その理由は昔からスピナは「紅茶が嫌いだ」と言い一度も口にしたところを見たことがなかったからである。ましてや甘い物も好んで食さないスピナが、甘い苺のミルクティーとは。部屋にいた者たちは皆、一様に驚いていた。
――おかしいわ。
不可解な継母の言動に少し怪訝になってしまったアメジストの表情を、スピナは見逃さない。
ゾワッ……?!
(エッ、何かしら。今の感じ)
悪寒が走り震え、ふと視線を感じた彼女は顔を上げると継母のニヤッとした笑顔が、目が向いていた。アメジストは恐怖心からか思わず目を逸らし、自分の両腕を抱き締める。寒くない時期、しかし寒気で鳥肌が立っていた。

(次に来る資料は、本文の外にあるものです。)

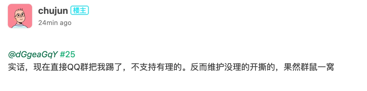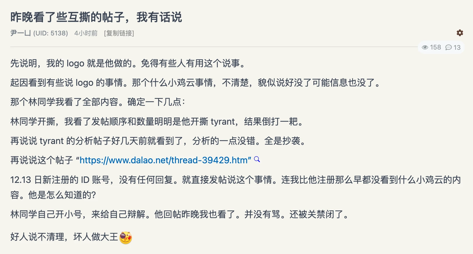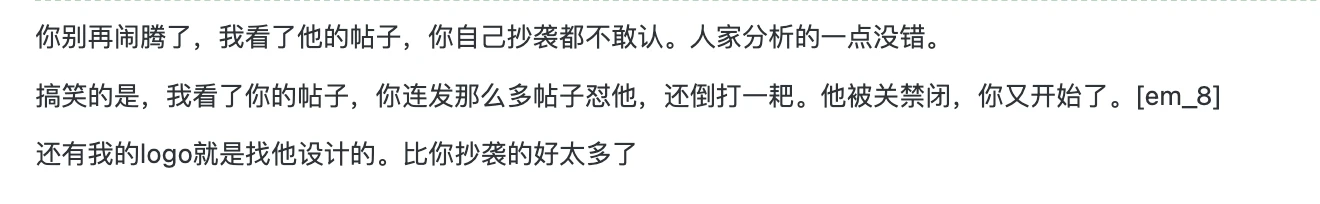 并前往了其它论坛发布“坛主不明是非封号”的内容,以及在论坛群聊中持续发布相关与"LOGO元素抄袭”内容,引起其他群员不满,在警告无果后管理员将其移出群聊。
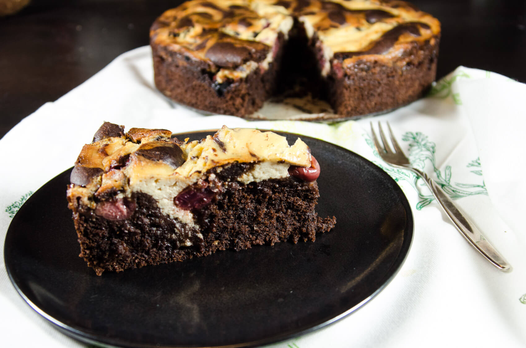 - % des Teiges in eine gefettete Springform (24cm Durchmesser) geben und glatt streichen. Den Schoko-Teig mit Sauerkirschen belegen.
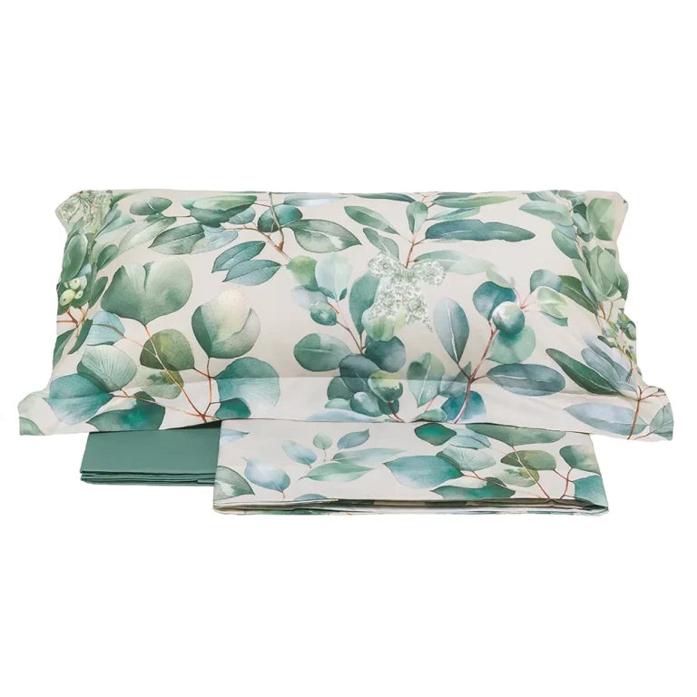 Completo lenzuola con balza a giorno realizzato in percalle di cotone 200 T.C. Il lenzuolo e le federe a 3 volant sono stampati in digitale con motivi floreali, il sotto con angoli è in tinta unita. Vesti la tua camera da letto con lo stile e la qualità inconfondibile di Tessitura Randi.
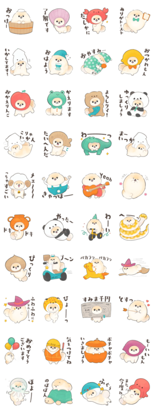 ポメラニアンのぽぽちがいろんな被り物をかぶった楽しいダジャレスタンプです。ぽこ より発売
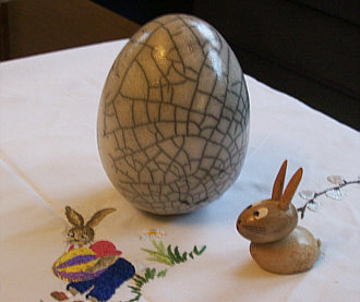 Der Hase ... aus Holz, das Ei ... Keramik im Rakubrand ... die Tischdecke aus
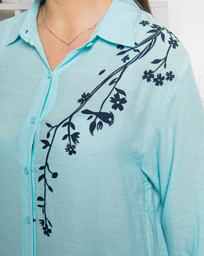 Рубашка удлиненная Веточка 50,52,54,56 цвет: бирюзовый
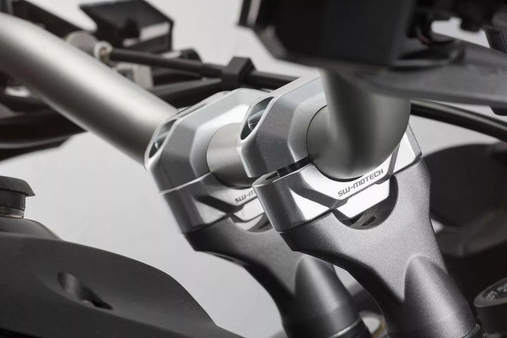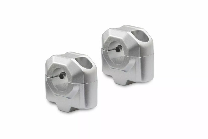 Aby uzyskać bardziej zrelaksowaną pozycję siedzącą, zastępuje oryginalny zacisk, dla Ø 22 mm kierownicy z odstępem od otworu 32-38 mm, zawarte w dostawie, 2 x pionowe pion dla kadłu

(お母様は紅茶の香りすらご気分を害される程に、嫌いで。お飲みにならないはずなのに)
「……どうして」
アメジストの心から小さな疑問の声が漏れ出た。
皆の目を見開き驚く姿を満足するまで愉しんだ、継母スピナ。今度は歌うように陽気な声で自分の言ったことの、訂正を始めた。
「あぁ~そうそう。間違えましたわ。私が紅茶などと飲むはずがないでしょう? オッホホ」
何だろうかという雰囲気の中で安堵感すら感じ始める、お手伝いの者たち。しかしその言葉で様子が一変したのは、アメジストであった。
(お母様は、何をしようとしているの)
――こわい。
彼女の心が恐怖で満たされていく。そんな時はいつも傍で見守り、勇気付けてくれるジャニスティ。だが今は、どんなに頼りたくとも彼は此処にいないのだ。
カチャ、カチャ……。
しばらくするとスピナが頼んだ、ベルメ苺のミルクティーが運ばれてきた。
「お、奥様。お待たせいたしました」
先程怒鳴られたのが恐怖となり、震えた声で紅茶をテーブルへと置くお手伝い。いつもなら有り得ない食器の当たる音に気を悪くしたのか。スピナはギロっとした目で見ると皮肉たっぷりの声で、話し始めた。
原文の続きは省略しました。